- [Exercise instructions]: Below is a set of records; restate each one word for word.

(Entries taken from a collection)
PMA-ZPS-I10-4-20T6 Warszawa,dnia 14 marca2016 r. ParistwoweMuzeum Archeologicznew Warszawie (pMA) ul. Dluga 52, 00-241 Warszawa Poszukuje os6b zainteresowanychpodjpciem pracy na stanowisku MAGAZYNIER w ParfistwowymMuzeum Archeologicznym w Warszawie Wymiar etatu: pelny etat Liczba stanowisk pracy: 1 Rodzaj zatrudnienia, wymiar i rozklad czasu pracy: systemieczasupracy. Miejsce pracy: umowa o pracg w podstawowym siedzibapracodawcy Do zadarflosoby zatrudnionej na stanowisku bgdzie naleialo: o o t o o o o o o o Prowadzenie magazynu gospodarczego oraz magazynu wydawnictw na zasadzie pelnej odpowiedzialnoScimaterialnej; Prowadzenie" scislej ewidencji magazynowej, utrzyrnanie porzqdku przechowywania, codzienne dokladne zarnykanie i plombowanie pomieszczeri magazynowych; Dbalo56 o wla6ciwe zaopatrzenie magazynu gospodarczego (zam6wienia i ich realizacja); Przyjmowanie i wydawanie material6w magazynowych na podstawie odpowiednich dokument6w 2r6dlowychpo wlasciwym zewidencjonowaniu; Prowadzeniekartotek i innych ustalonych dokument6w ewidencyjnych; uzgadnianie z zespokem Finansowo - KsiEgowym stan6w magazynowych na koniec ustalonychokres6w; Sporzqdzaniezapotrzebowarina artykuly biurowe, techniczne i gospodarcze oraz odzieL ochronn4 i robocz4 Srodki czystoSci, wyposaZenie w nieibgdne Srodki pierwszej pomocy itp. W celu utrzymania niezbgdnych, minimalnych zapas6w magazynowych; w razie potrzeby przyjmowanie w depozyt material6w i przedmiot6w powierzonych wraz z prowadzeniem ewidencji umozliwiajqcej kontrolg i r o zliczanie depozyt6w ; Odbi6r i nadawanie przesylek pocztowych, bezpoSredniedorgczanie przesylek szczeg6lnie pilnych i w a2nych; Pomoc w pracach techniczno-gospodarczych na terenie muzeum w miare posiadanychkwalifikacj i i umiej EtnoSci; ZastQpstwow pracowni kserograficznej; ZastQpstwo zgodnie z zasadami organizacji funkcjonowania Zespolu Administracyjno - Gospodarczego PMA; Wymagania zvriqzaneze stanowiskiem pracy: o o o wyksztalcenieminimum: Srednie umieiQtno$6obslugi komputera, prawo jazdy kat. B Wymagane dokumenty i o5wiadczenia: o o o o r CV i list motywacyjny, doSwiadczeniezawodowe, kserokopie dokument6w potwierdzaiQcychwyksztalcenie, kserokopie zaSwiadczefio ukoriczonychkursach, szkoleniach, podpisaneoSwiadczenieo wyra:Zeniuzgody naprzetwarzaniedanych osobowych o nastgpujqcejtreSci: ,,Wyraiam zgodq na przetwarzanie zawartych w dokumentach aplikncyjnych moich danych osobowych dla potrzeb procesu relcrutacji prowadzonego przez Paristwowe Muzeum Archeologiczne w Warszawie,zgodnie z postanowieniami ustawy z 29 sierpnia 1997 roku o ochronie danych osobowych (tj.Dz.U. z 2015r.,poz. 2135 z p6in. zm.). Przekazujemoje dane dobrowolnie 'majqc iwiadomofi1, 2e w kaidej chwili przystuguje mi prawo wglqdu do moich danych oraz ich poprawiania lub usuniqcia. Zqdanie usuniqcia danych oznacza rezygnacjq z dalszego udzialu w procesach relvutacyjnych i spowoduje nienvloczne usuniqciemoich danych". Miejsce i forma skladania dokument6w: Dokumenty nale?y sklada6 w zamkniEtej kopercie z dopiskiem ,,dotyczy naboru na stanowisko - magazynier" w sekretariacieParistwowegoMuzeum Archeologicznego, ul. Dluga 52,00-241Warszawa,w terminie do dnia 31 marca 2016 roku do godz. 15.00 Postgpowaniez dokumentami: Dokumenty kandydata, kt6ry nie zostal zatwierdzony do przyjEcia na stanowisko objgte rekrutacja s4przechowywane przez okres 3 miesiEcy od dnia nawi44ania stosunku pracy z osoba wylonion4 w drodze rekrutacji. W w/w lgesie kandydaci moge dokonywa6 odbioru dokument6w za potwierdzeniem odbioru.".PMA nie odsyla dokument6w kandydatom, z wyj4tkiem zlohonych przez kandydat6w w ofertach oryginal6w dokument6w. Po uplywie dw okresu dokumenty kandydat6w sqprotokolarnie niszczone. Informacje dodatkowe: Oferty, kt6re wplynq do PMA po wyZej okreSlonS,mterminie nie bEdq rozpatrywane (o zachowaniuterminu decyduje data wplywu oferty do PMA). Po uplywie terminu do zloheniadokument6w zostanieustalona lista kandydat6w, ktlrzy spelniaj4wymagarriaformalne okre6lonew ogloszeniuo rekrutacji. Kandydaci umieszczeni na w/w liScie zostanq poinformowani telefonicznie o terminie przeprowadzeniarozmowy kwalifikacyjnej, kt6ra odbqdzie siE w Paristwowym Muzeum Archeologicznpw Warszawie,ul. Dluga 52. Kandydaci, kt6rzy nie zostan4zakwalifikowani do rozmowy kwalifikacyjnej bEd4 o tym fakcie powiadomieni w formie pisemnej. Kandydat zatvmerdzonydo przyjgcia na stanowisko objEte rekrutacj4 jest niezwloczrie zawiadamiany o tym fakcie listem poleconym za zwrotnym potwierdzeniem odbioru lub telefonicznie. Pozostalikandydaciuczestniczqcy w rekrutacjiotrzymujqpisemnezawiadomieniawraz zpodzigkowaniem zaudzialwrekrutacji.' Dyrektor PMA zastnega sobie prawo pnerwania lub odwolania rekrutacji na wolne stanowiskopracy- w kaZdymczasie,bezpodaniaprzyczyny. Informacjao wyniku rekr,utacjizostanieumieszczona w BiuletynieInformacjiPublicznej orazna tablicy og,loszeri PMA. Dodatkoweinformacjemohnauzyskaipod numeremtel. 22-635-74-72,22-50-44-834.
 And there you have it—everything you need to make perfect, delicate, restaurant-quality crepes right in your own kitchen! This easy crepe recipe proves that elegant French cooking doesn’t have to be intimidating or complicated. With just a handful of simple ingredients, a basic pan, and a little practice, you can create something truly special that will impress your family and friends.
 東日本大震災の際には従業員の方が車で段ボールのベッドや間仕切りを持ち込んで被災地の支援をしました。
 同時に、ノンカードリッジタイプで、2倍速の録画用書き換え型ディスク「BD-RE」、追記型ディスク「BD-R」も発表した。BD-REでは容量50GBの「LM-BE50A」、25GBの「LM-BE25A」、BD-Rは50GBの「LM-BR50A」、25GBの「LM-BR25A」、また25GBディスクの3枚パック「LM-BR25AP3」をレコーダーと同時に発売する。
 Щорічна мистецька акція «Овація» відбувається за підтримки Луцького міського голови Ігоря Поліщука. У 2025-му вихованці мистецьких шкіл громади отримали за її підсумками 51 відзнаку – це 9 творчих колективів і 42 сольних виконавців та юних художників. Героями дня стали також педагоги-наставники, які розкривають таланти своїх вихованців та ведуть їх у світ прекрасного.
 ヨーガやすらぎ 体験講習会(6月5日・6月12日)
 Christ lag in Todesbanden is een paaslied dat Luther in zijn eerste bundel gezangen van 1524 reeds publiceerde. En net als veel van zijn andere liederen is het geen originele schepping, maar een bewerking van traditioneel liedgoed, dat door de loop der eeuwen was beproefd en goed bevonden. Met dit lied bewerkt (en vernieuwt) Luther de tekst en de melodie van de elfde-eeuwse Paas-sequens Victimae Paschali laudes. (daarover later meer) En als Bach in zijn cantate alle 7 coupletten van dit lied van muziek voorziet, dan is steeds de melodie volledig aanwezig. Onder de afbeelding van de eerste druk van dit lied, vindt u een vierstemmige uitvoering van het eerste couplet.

- [Answer box]:
PMA-ZPS-I10-4-20T6 Warszawa,dnia 14 marca2016 r. ParistwoweMuzeum Archeologicznew Warszawie (pMA) ul. Dluga 52, 00-241 Warszawa Poszukuje os6b zainteresowanychpodjpciem pracy na stanowisku MAGAZYNIER w ParfistwowymMuzeum Archeologicznym w Warszawie Wymiar etatu: pelny etat Liczba stanowisk pracy: 1 Rodzaj zatrudnienia, wymiar i rozklad czasu pracy: systemieczasupracy. Miejsce pracy: umowa o pracg w podstawowym siedzibapracodawcy Do zadarflosoby zatrudnionej na stanowisku bgdzie naleialo: o o t o o o o o o o Prowadzenie magazynu gospodarczego oraz magazynu wydawnictw na zasadzie pelnej odpowiedzialnoScimaterialnej; Prowadzenie" scislej ewidencji magazynowej, utrzyrnanie porzqdku przechowywania, codzienne dokladne zarnykanie i plombowanie pomieszczeri magazynowych; Dbalo56 o wla6ciwe zaopatrzenie magazynu gospodarczego (zam6wienia i ich realizacja); Przyjmowanie i wydawanie material6w magazynowych na podstawie odpowiednich dokument6w 2r6dlowychpo wlasciwym zewidencjonowaniu; Prowadzeniekartotek i innych ustalonych dokument6w ewidencyjnych; uzgadnianie z zespokem Finansowo - KsiEgowym stan6w magazynowych na koniec ustalonychokres6w; Sporzqdzaniezapotrzebowarina artykuly biurowe, techniczne i gospodarcze oraz odzieL ochronn4 i robocz4 Srodki czystoSci, wyposaZenie w nieibgdne Srodki pierwszej pomocy itp. W celu utrzymania niezbgdnych, minimalnych zapas6w magazynowych; w razie potrzeby przyjmowanie w depozyt material6w i przedmiot6w powierzonych wraz z prowadzeniem ewidencji umozliwiajqcej kontrolg i r o zliczanie depozyt6w ; Odbi6r i nadawanie przesylek pocztowych, bezpoSredniedorgczanie przesylek szczeg6lnie pilnych i w a2nych; Pomoc w pracach techniczno-gospodarczych na terenie muzeum w miare posiadanychkwalifikacj i i umiej EtnoSci; ZastQpstwow pracowni kserograficznej; ZastQpstwo zgodnie z zasadami organizacji funkcjonowania Zespolu Administracyjno - Gospodarczego PMA; Wymagania zvriqzaneze stanowiskiem pracy: o o o wyksztalcenieminimum: Srednie umieiQtno$6obslugi komputera, prawo jazdy kat. B Wymagane dokumenty i o5wiadczenia: o o o o r CV i list motywacyjny, doSwiadczeniezawodowe, kserokopie dokument6w potwierdzaiQcychwyksztalcenie, kserokopie zaSwiadczefio ukoriczonychkursach, szkoleniach, podpisaneoSwiadczenieo wyra:Zeniuzgody naprzetwarzaniedanych osobowych o nastgpujqcejtreSci: ,,Wyraiam zgodq na przetwarzanie zawartych w dokumentach aplikncyjnych moich danych osobowych dla potrzeb procesu relcrutacji prowadzonego przez Paristwowe Muzeum Archeologiczne w Warszawie,zgodnie z postanowieniami ustawy z 29 sierpnia 1997 roku o ochronie danych osobowych (tj.Dz.U. z 2015r.,poz. 2135 z p6in. zm.). Przekazujemoje dane dobrowolnie 'majqc iwiadomofi1, 2e w kaidej chwili przystuguje mi prawo wglqdu do moich danych oraz ich poprawiania lub usuniqcia. Zqdanie usuniqcia danych oznacza rezygnacjq z dalszego udzialu w procesach relvutacyjnych i spowoduje nienvloczne usuniqciemoich danych". Miejsce i forma skladania dokument6w: Dokumenty nale?y sklada6 w zamkniEtej kopercie z dopiskiem ,,dotyczy naboru na stanowisko - magazynier" w sekretariacieParistwowegoMuzeum Archeologicznego, ul. Dluga 52,00-241Warszawa,w terminie do dnia 31 marca 2016 roku do godz. 15.00 Postgpowaniez dokumentami: Dokumenty kandydata, kt6ry nie zostal zatwierdzony do przyjEcia na stanowisko objgte rekrutacja s4przechowywane przez okres 3 miesiEcy od dnia nawi44ania stosunku pracy z osoba wylonion4 w drodze rekrutacji. W w/w lgesie kandydaci moge dokonywa6 odbioru dokument6w za potwierdzeniem odbioru.".PMA nie odsyla dokument6w kandydatom, z wyj4tkiem zlohonych przez kandydat6w w ofertach oryginal6w dokument6w. Po uplywie dw okresu dokumenty kandydat6w sqprotokolarnie niszczone. Informacje dodatkowe: Oferty, kt6re wplynq do PMA po wyZej okreSlonS,mterminie nie bEdq rozpatrywane (o zachowaniuterminu decyduje data wplywu oferty do PMA). Po uplywie terminu do zloheniadokument6w zostanieustalona lista kandydat6w, ktlrzy spelniaj4wymagarriaformalne okre6lonew ogloszeniuo rekrutacji. Kandydaci umieszczeni na w/w liScie zostanq poinformowani telefonicznie o terminie przeprowadzeniarozmowy kwalifikacyjnej, kt6ra odbqdzie siE w Paristwowym Muzeum Archeologicznpw Warszawie,ul. Dluga 52. Kandydaci, kt6rzy nie zostan4zakwalifikowani do rozmowy kwalifikacyjnej bEd4 o tym fakcie powiadomieni w formie pisemnej. Kandydat zatvmerdzonydo przyjgcia na stanowisko objEte rekrutacj4 jest niezwloczrie zawiadamiany o tym fakcie listem poleconym za zwrotnym potwierdzeniem odbioru lub telefonicznie. Pozostalikandydaciuczestniczqcy w rekrutacjiotrzymujqpisemnezawiadomieniawraz zpodzigkowaniem zaudzialwrekrutacji.' Dyrektor PMA zastnega sobie prawo pnerwania lub odwolania rekrutacji na wolne stanowiskopracy- w kaZdymczasie,bezpodaniaprzyczyny. Informacjao wyniku rekr,utacjizostanieumieszczona w BiuletynieInformacjiPublicznej orazna tablicy og,loszeri PMA. Dodatkoweinformacjemohnauzyskaipod numeremtel. 22-635-74-72,22-50-44-834.
 And there you have it—everything you need to make perfect, delicate, restaurant-quality crepes right in your own kitchen! This easy crepe recipe proves that elegant French cooking doesn’t have to be intimidating or complicated. With just a handful of simple ingredients, a basic pan, and a little practice, you can create something truly special that will impress your family and friends.
 東日本大震災の際には従業員の方が車で段ボールのベッドや間仕切りを持ち込んで被災地の支援をしました。
 同時に、ノンカードリッジタイプで、2倍速の録画用書き換え型ディスク「BD-RE」、追記型ディスク「BD-R」も発表した。BD-REでは容量50GBの「LM-BE50A」、25GBの「LM-BE25A」、BD-Rは50GBの「LM-BR50A」、25GBの「LM-BR25A」、また25GBディスクの3枚パック「LM-BR25AP3」をレコーダーと同時に発売する。
 Щорічна мистецька акція «Овація» відбувається за підтримки Луцького міського голови Ігоря Поліщука. У 2025-му вихованці мистецьких шкіл громади отримали за її підсумками 51 відзнаку – це 9 творчих колективів і 42 сольних виконавців та юних художників. Героями дня стали також педагоги-наставники, які розкривають таланти своїх вихованців та ведуть їх у світ прекрасного.
 ヨーガやすらぎ 体験講習会(6月5日・6月12日)
 Christ lag in Todesbanden is een paaslied dat Luther in zijn eerste bundel gezangen van 1524 reeds publiceerde. En net als veel van zijn andere liederen is het geen originele schepping, maar een bewerking van traditioneel liedgoed, dat door de loop der eeuwen was beproefd en goed bevonden. Met dit lied bewerkt (en vernieuwt) Luther de tekst en de melodie van de elfde-eeuwse Paas-sequens Victimae Paschali laudes. (daarover later meer) En als Bach in zijn cantate alle 7 coupletten van dit lied van muziek voorziet, dan is steeds de melodie volledig aanwezig. Onder de afbeelding van de eerste druk van dit lied, vindt u een vierstemmige uitvoering van het eerste couplet.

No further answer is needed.